Let Customers Know You’re Moving!
After doing all of the above, you should now be ready to start moving your business online. This means you need to start letting everybody know that the move is taking place, whether that’s your existing customers or the vast herds of online customers who don’t even know you exist yet.
Spread The Word About Your Business
First, start bragging about your accomplishment. It’s a lot of work to add an online component to your business, if not take the entire enterprise online, and so you probably want to talk about it. Don’t badger people but spread the word to those in your personal and professional life. Word-of-mouth is still very important when it comes to marketing.

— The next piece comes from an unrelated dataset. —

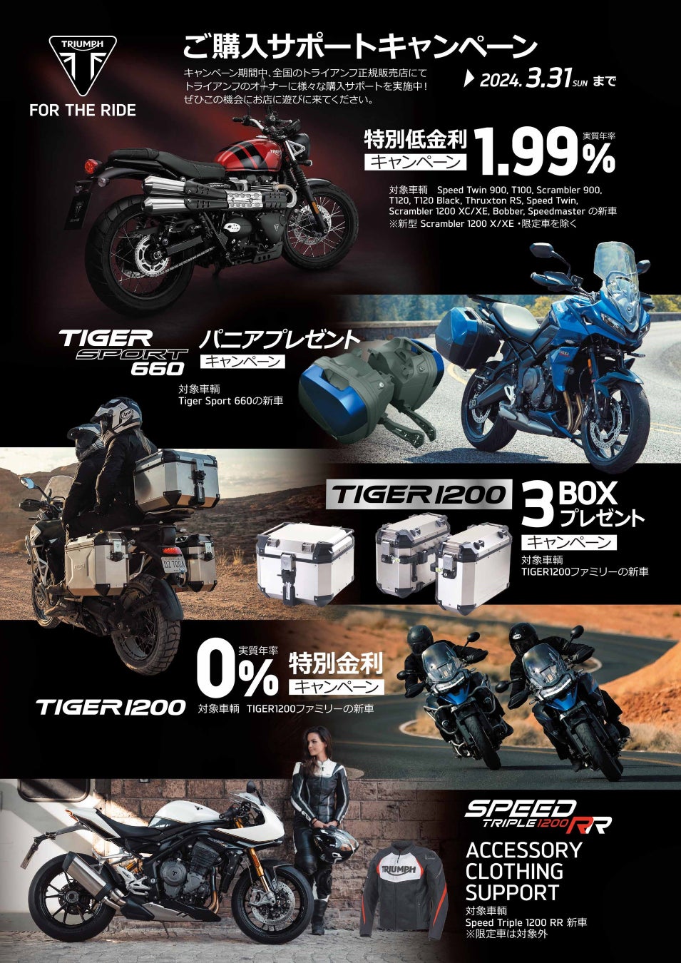 今回の追加内容は、モダンクラシックシリーズを対象とした「1.99% 特別低金利」、Tiger 1200を対象とした「0% 特別金利」、更に「TIGER SPORT 660 パニアプレゼント」「TIGER 1200 3BOXプレゼント」「Speed Triple アクセサリー/クロージングプレゼント」の5つが追加された、充実のサポートです。

Promote Through Using Digital Marketing
You may have an advertising budget; in which case you can use that to buy advertisements via Facebook or Google AdWords. This is a more traditional but tried-and-true form of advertising that places your business name and imagery on people’s screens in the hopes that they notice and check you out. Track the returns you get via traffic through these ads, so you can stop wasting money if they are not working.
Email Your Existing Customers
Since you’re taking your business online, you probably have a list or database somewhere full of your existing customers. Use an emailing list to contact them en masse. Respect their time, however, by sending out one or two messages that are short, informative, and appreciative, as opposed to spamming their inbox.
If you have an interested customer base and your emails land well, you’ll have an instant shot of traffic and word-of-mouth advertising for your new online business. You may have a brick-and-click business model, where you have a site and keep your store, in which case you can ask customers to tell others that you now have an online component so people even further away can enjoy your services.
Promote The Website Through Social Media
If you haven’t already, you should create business social media that you’ll then use to drive traffic to your website and other business entities online. Create posts hyping up the new site launch and let everybody know when they can start buying.
If you were a local business and had popular local social media pages then you can advertise to friends if you have a base there that wouldn’t mind doing business with you.
Establish An SEO Presence
Lastly, sometimes standing out online depends on how well you play the SEO game. Search Engine Optimization is the discipline where you tailor your site and your content towards ranking highly when people search for certain words. By targeting relevant keywords to your business and your industry as a whole, you can slowly climb the results pages until you’re sitting at a top spot.
Now we’ve reached the end of our guide on migrating pre-existing businesses online. From planning to execution, you should now have the knowledge needed to take a brick-and-mortar store and enhance it by using the Internet, whether that’s by starting a site or taking the entire operation online.
Whichever one you choose; you can rest assured that the possible returns on investment for online businesses are great. With relatively little investment on your part, you can fine-tune ecommerce and affiliate sites to perform very well and generate a lot of revenue over time, creating passive income with less effort.
While you have established an online business, remember that you can always grow your online brand in the future to make it even better.